Despite having higher rates of many diseases, older adults are often excluded from clinical trials of new therapies that could benefit them. Their underrepresentation makes it more difficult to evaluate the safety, efficacy, and dosage of drugs across all age groups, according to researchers who spoke with STAT.
In January 2019, the NIH rolled out the Inclusion Across the Lifespan Policy, which requires researchers applying for NIH funding to enroll participants of all ages in their studies or provide ethical or scientific reasoning for not doing so. However, a recent paper published in JAMA Internal Medicine found that among 97 cardiovascular trials on ClinicalTrials.gov, one-third had age limits the year after the policy went into effect – the same proportion as the year before.

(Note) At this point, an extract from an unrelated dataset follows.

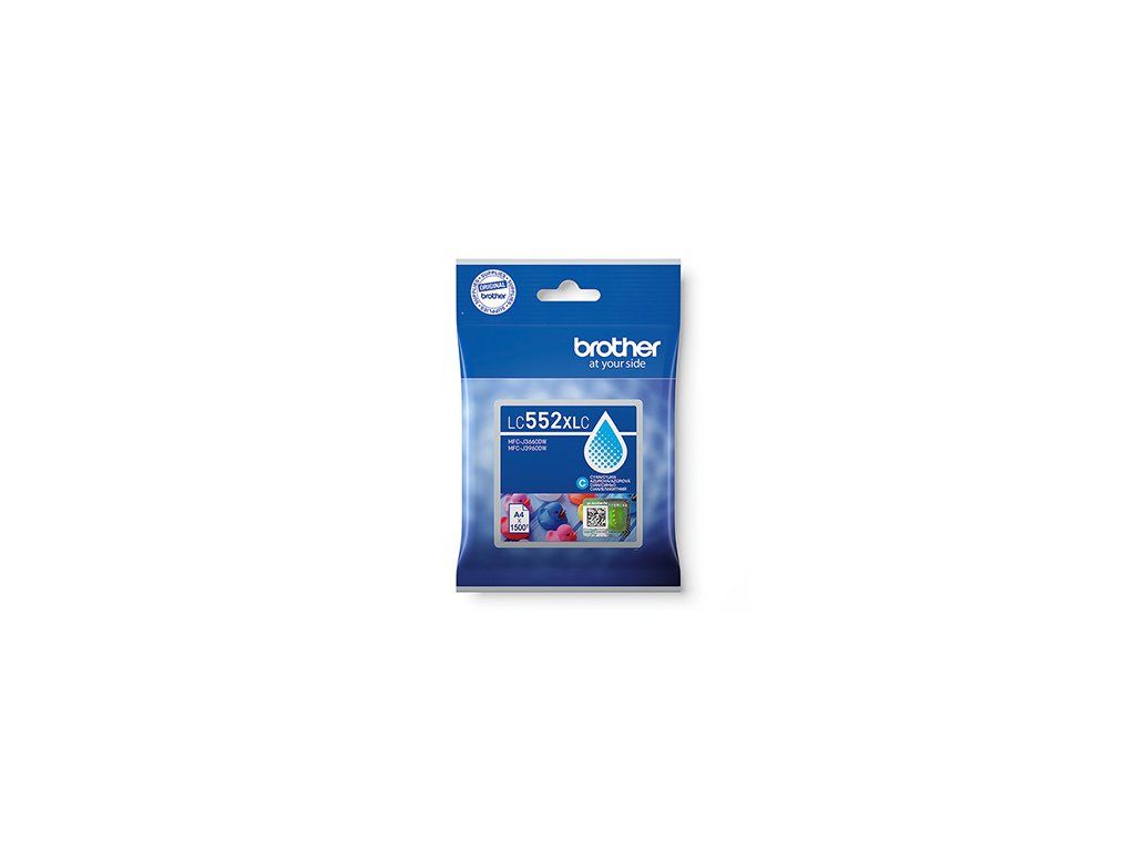 - Vysoko kvalitná originálna azúrová pigmentová atramentová kazeta Brother LC552XLC s vysokou výťažnosťou

Given how far in advance studies are designed and funding is allocated, “it’s going to be a few years before we know the effects of the policy … because they only looked at the first year, so time is going to tell us more,” said Kenneth Covinsky, MD, MPH, a clinician and researcher specializing in geriatrics at University of California San Francisco.

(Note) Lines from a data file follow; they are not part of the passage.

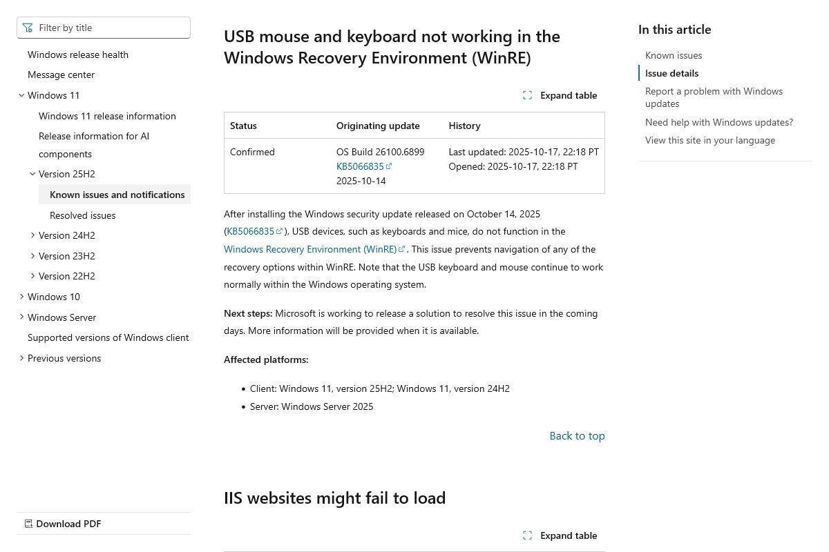 Windows 11、10月更新プログラムでキーボードとマウスが操作不能にMicrosoftは2025年10月17日(米国時間)、Windows 11向けの10月の月例更新プログラム「KB5066835」をインストールするとUSBマウスとキーボードが動作しなくなる可能性があると報じた。不具合はWindows回復環境(WinRE: Windows Recovery Environment)に影...news.mynavi.jpWindows 11、10月更新プログラムでキーボードとマウスが操作不能に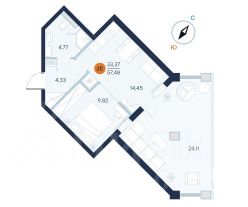 Общая площадь - 57 м² в современном комплексе "Альба дель Маре" в Евпатории.
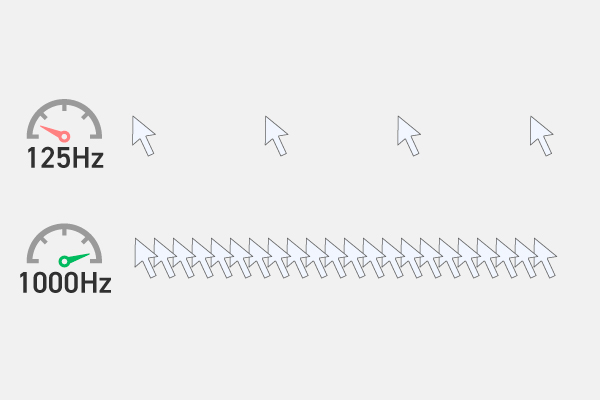 USB有線接続時にはポーリングレートが1000Hzになり、より滑らかな操作が可能です。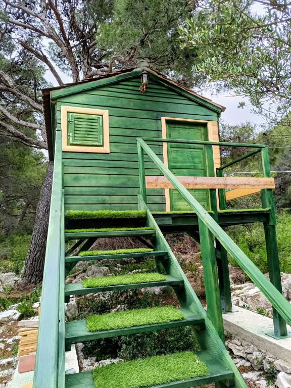 Resortul Zen este situat pe insulița Mali Vinik din golful Hramina, în apropierea centrului orașului Murter, unde se poate ajunge cu barca, călătoria durând 5 minute. Cazarea este formată din două clădiri, o casă de piatră cu o suprafață de 40m2 și o „căsuță în copac” auxiliară din lemn (izolată termic), cu o suprafață de 9m2, care este folosită ca dormitor pentru două persoane (cost suplimentar - 60 de euro pe noapte). Casa din lemn este dotată cu electricitate de 220V, smart TV, difuzor BT, ventilator și aer condiționat. Casa principală, din piatră, este formată dintr-un dormitor, situat la galerie, cu un smart TV care poate găzdui 2 adulți. Livingul are o canapea extensibilă, care poate fi folosită ca pat pentru două persoane, dotată cu iluminat, televizor, soundbar. Baia este dotată cu toaletă, chiuvetă și un duș spațios. Suprafața balconului/terasei este de 40m2. Casa pescarului este dotată cu două televizoare, IPtv, încălzire/răcire AC, wifi. Parcarea este asigurată și inclusă în preț. Casa pescarului are propriul doc pentru bărci.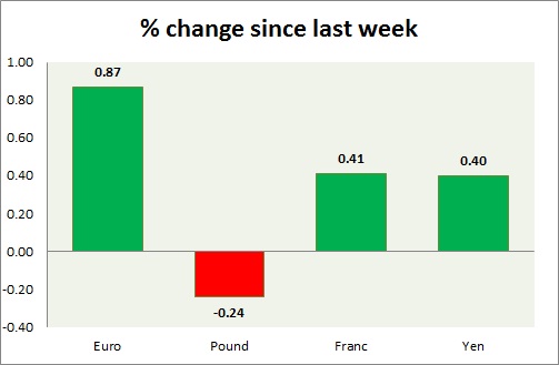 Strength meter (since last week) – Euro +0.87%, Franc +0.41%, Yen +0.40%, GBP -0.24%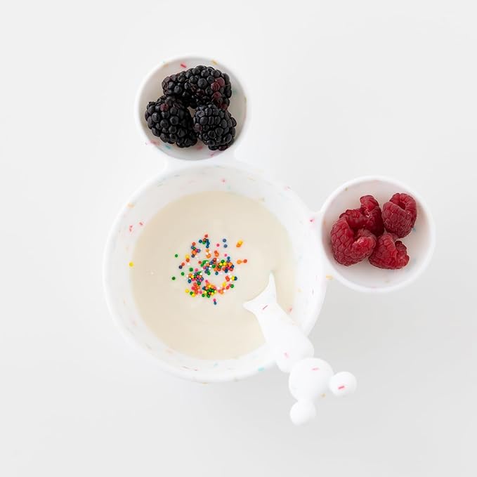 Bumkins Disney Baby Bowl, Silicone Feeding Set with Suction for Baby and Toddler, Includes Spoon, First Feeding Set, Essentials for Baby Led Weaning, Babies Eating 4 Months Up, Mickey Mouse Vanilla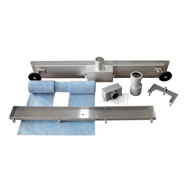 • W komplecie: kołnierz montażowy 2 cm, maskownice wyposażone w dystanse tłumiące hałas powstały przy opadaniu wody, syfon 40 mm czyszczony od góry oraz redukcja 50/40 mm, nóżki poziomujące, rura odpływowa o średnicy 40/50 mm

In addition to age limits, other exclusion criteria such as preexisting conditions and technology requirements can leave out older adults, and most studies’ endpoints don’t focus on the treatment’s effects on older adults, such as whether they are likely to experience problems with mobility or have trouble adhering to the regimen.
“It’s imperative that we let patients across all ages have the opportunity to participate in trials and use thoughtful decision-making in who we include and exclude,” Ethan Ludmir, MD, a clinician-researcher at MD Anderson Cancer Center, said.
Sources: STAT, September 30, 2020; Nanna MG, Chen ST, Nelson AJ, et al. Representation of Older Adults in Cardiovascular Disease Trials Since the Inclusion Across the Lifespan Policy. JAMA Intern Med. September 8, 2020. doi:10.1001/jamainternmed.2020.2750.